= Your instructions =
Beginning at the line containing "The incubation duration", repeat each line below exactly up to and including the line containing "Flow-cytometry using anti-human". Do not repeat the pictures.

= Exercise data =
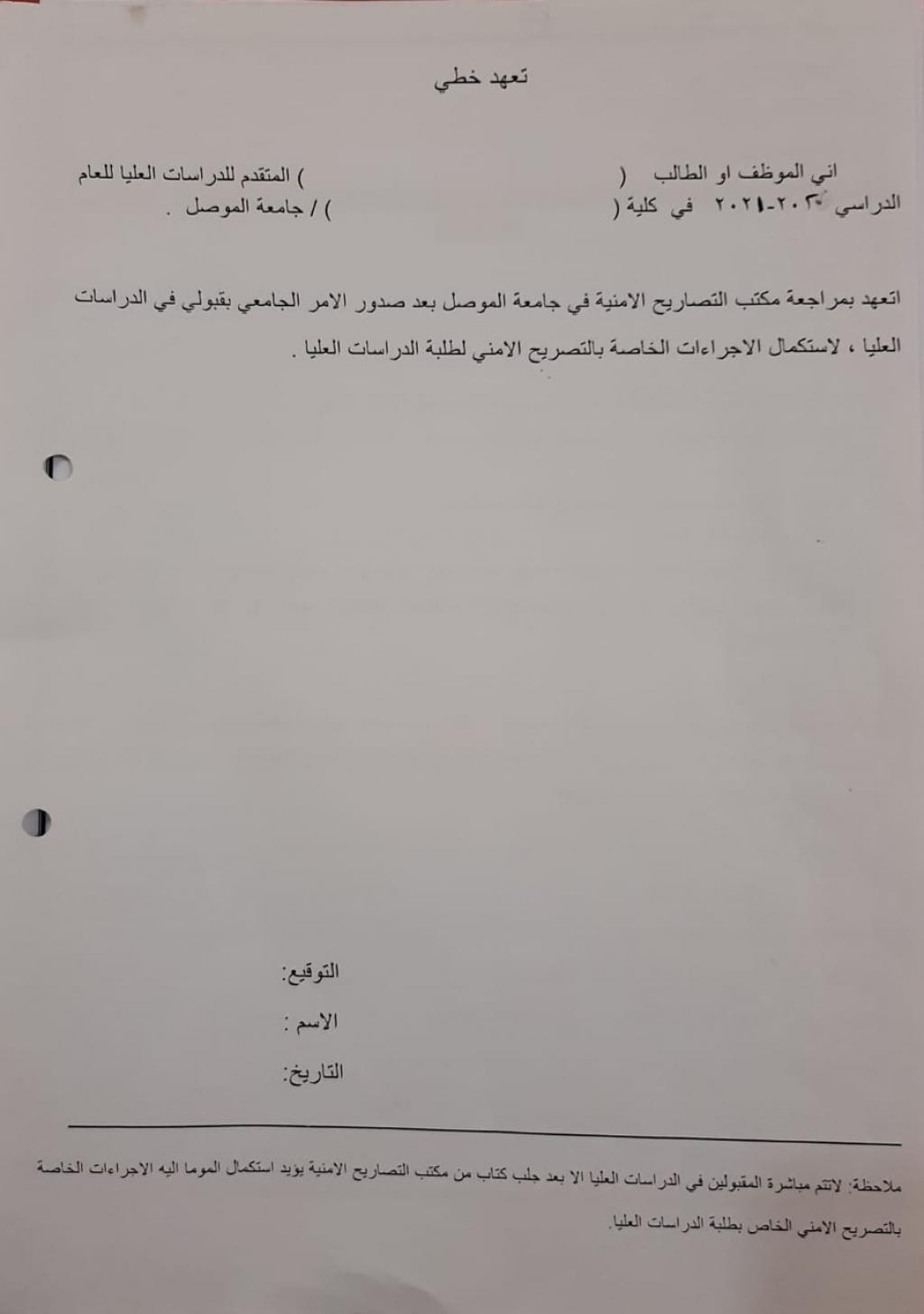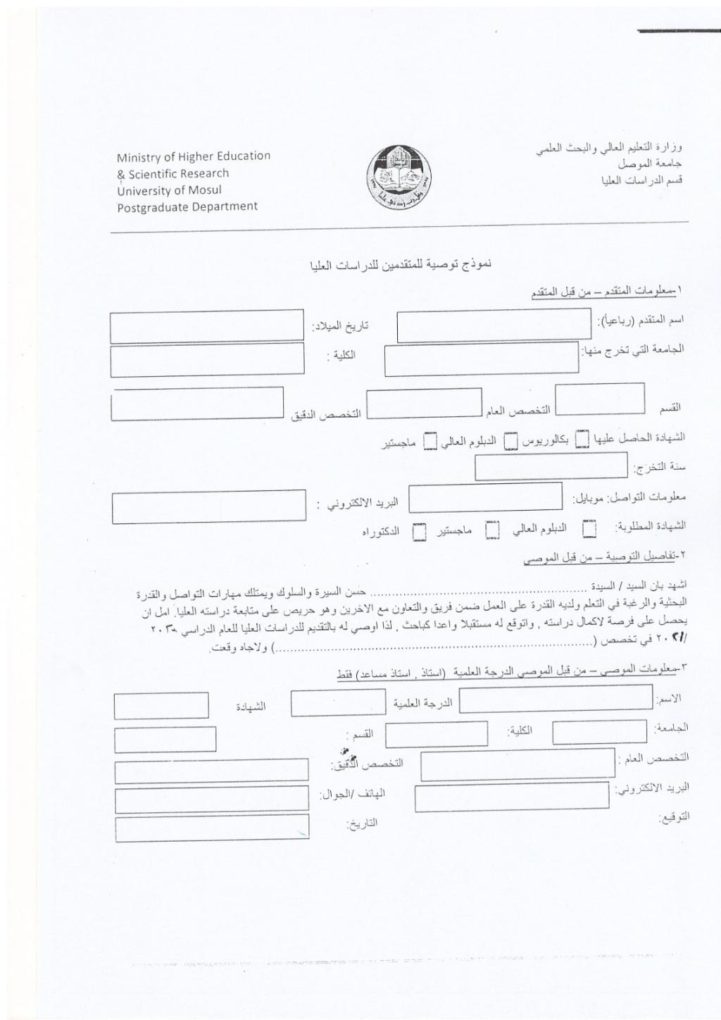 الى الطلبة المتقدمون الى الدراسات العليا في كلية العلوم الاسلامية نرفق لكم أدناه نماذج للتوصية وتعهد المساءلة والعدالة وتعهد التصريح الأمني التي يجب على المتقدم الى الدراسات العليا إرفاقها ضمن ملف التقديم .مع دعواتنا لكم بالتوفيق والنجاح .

---

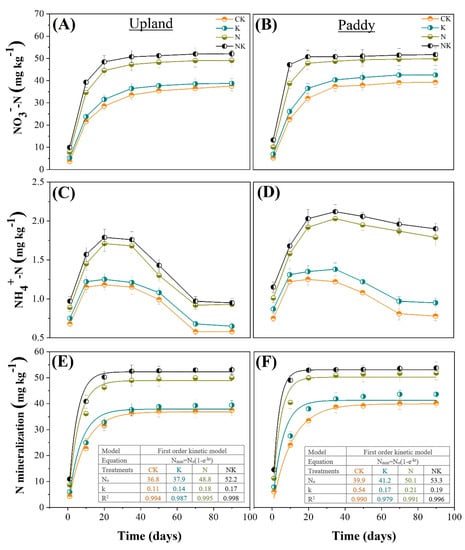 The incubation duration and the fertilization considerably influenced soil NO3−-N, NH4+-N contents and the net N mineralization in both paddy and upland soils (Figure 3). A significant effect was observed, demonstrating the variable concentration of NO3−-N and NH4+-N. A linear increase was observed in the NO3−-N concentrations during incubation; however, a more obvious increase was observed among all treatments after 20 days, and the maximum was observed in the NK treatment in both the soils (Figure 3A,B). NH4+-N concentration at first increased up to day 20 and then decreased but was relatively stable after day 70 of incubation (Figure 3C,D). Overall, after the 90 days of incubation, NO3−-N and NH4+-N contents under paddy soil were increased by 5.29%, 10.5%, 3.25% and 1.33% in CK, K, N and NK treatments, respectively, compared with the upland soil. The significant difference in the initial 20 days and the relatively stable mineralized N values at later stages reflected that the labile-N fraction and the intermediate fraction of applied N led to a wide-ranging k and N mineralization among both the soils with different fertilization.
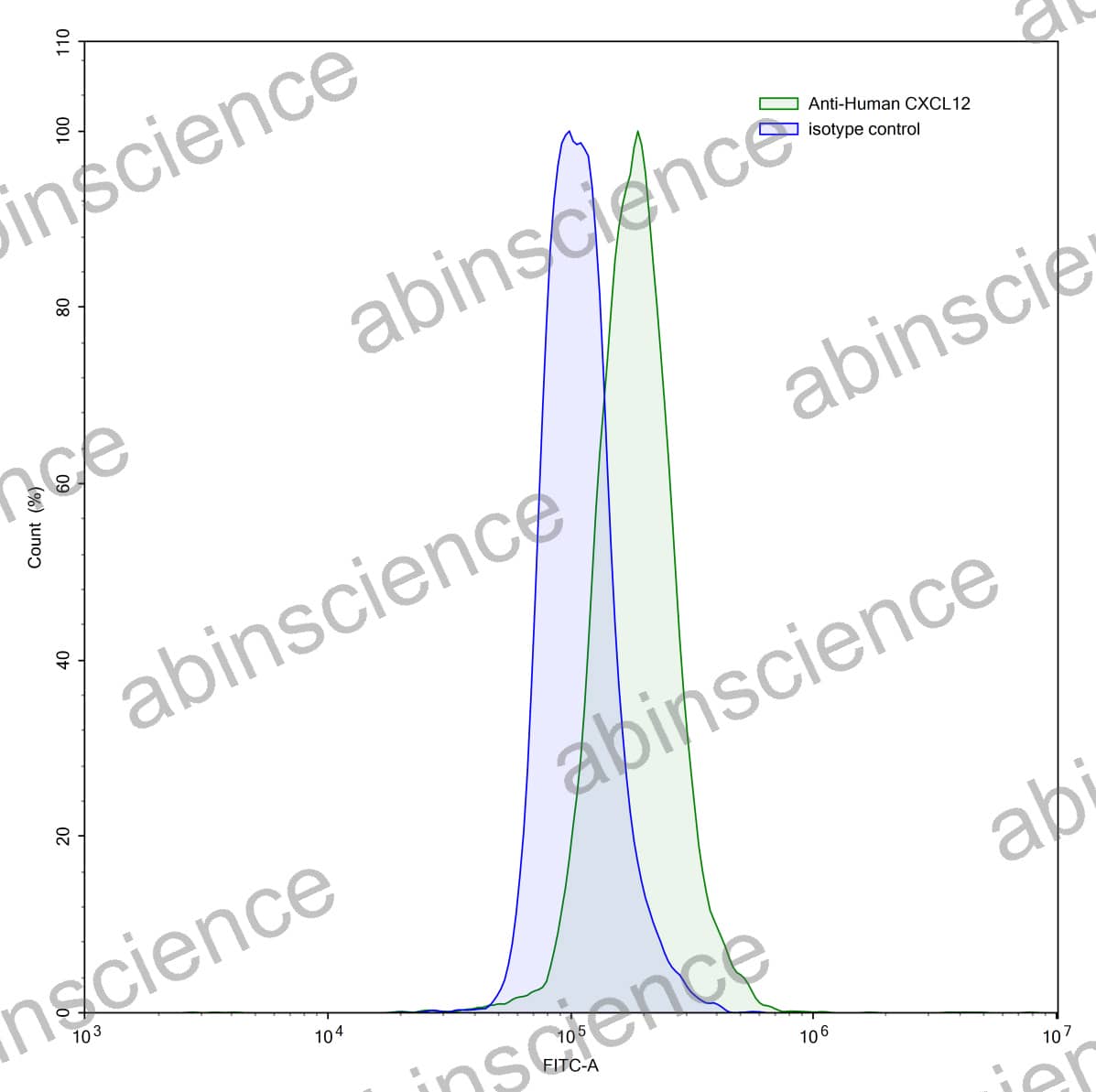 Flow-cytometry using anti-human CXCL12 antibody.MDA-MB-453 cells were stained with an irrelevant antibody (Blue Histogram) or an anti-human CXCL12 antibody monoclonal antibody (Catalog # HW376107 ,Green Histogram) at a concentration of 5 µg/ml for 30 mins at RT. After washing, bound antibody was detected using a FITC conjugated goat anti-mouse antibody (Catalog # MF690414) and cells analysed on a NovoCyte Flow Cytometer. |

= Completed exercise =
 The incubation duration and the fertilization considerably influenced soil NO3−-N, NH4+-N contents and the net N mineralization in both paddy and upland soils (Figure 3). A significant effect was observed, demonstrating the variable concentration of NO3−-N and NH4+-N. A linear increase was observed in the NO3−-N concentrations during incubation; however, a more obvious increase was observed among all treatments after 20 days, and the maximum was observed in the NK treatment in both the soils (Figure 3A,B). NH4+-N concentration at first increased up to day 20 and then decreased but was relatively stable after day 70 of incubation (Figure 3C,D). Overall, after the 90 days of incubation, NO3−-N and NH4+-N contents under paddy soil were increased by 5.29%, 10.5%, 3.25% and 1.33% in CK, K, N and NK treatments, respectively, compared with the upland soil. The significant difference in the initial 20 days and the relatively stable mineralized N values at later stages reflected that the labile-N fraction and the intermediate fraction of applied N led to a wide-ranging k and N mineralization among both the soils with different fertilization.
 Flow-cytometry using anti-human CXCL12 antibody.MDA-MB-453 cells were stained with an irrelevant antibody (Blue Histogram) or an anti-human CXCL12 antibody monoclonal antibody (Catalog # HW376107 ,Green Histogram) at a concentration of 5 µg/ml for 30 mins at RT. After washing, bound antibody was detected using a FITC conjugated goat anti-mouse antibody (Catalog # MF690414) and cells analysed on a NovoCyte Flow Cytometer. |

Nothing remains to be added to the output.